04:17 Feel free to mention your book so people know about them as well.
04:19 There you go.
04:21 Yeah, there's an old joke.
04:22 How do you know somebody runs a marathon?
04:24 Well, they'll effing tell you.
04:25 Well, authors are more or less in the same package.
04:28 It's a contractual obligation.
04:30 It is.
04:31 I wrote it about in my book, Chris.
04:32 There you go.
04:33 Exactly.
04:34 That's right.
04:34 And I guess while I've got you on air, you know, thank you for writing the foreword.
04:39 So yeah, I guess now I should sell myself as an author.
04:46 It's nowhere near as impressive as people think it's sound to be.
04:50 I guess I spend my spare time doing sort of Python education-y stuff with you and other
04:56 organizations, and writing is kind of part of that.
04:59 My day job is still helping organizations do technical stuff.
05:04 Sometimes that's architectural advice, and sometimes that's things like Agile and Lean
05:09 process driven things. My marketing people tell me to sell myself as a fractional CTO.

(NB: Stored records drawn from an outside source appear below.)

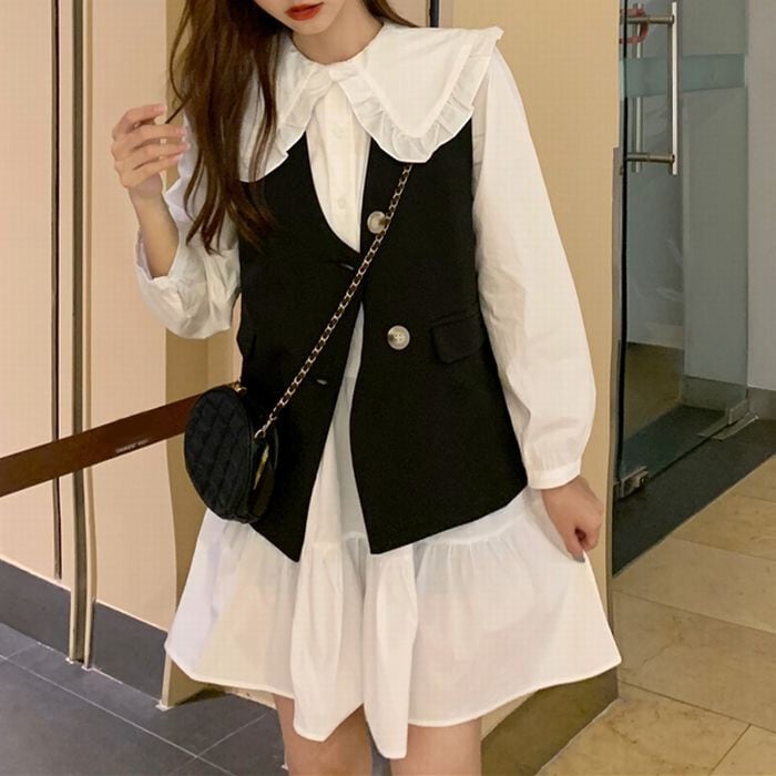 レディース レディースファッション セットアップ 2点セット ワンピース ベスト ルーズ Aラインスカート 長袖 大人可愛い ガーリー フェミニン きれいめ おしゃれ 通販 韓国 韓国通販 韓国ショッピング 韓国ファッション おるちゃん オルチャン オルチャンファッション 10代 20代 30代 40代 可愛い かわいい お洒落 レディス プチプラ 激安 安い コーデ コーディネイト 人気 おすすめ
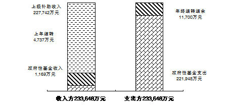 区级政府性基金收入1,169万元,上级补助收入227,742万元,加上上年结转4,737万元,全区政府性基金收入总计为233,648万元。当年无上解上级支出,区级财力为233,648万元。
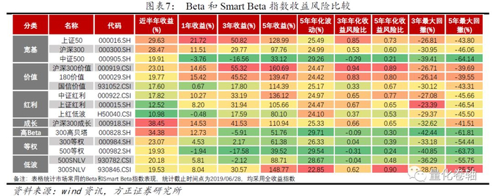 可以发现2019上半年表现最好的是沪深300成长,其次是300高贝塔。拉长周期到近5年,价值风格指数整体占据上风,普遍跑赢宽基指数。其中表现最抢眼的是沪深300价值指数,近3年累计收益55%,近5年累计收益161%,年化收益21.7%,年化波动24.47%,年化收益风险比0.89。其次300SNLV、180价值和中证红利都有不俗的长期业绩表现,最大回撤方面控制的最好的也是这几款产品。
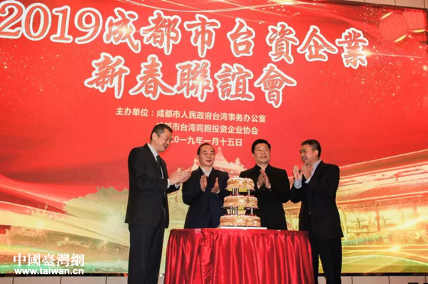 中國臺灣網(wǎng)1月18日成都訊 2019年1月16日,2019成都市臺資企業(yè)新春聯(lián)誼會舉行。省市有關部門負責人與在蓉臺商共計550余人歡聚一堂,喜迎新春。四川省臺辦主任羅治平、成都市委常委吳凱、成都市臺協(xié)會長徐大偉出席并致辭,成都市臺辦主任戴浚主持聯(lián)誼會。
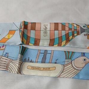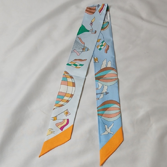Elegant Hermes twilly scarf. Features sky blue background with orange accents. Balloon and bird motifs add charm.

05:15 I have a hard time saying that with a straight face, but you know, got to put it on the brochure. So there you go.
05:20 Well, if you don't want to take it so seriously, you could be an improper fraction.
05:24 There you go.
05:25 You could be like a two ace CTO.
05:28 I'm an irrational CTO. That actually makes sense.
05:34 I'm radical two over seven. Let's go. That's how much a CTO I am.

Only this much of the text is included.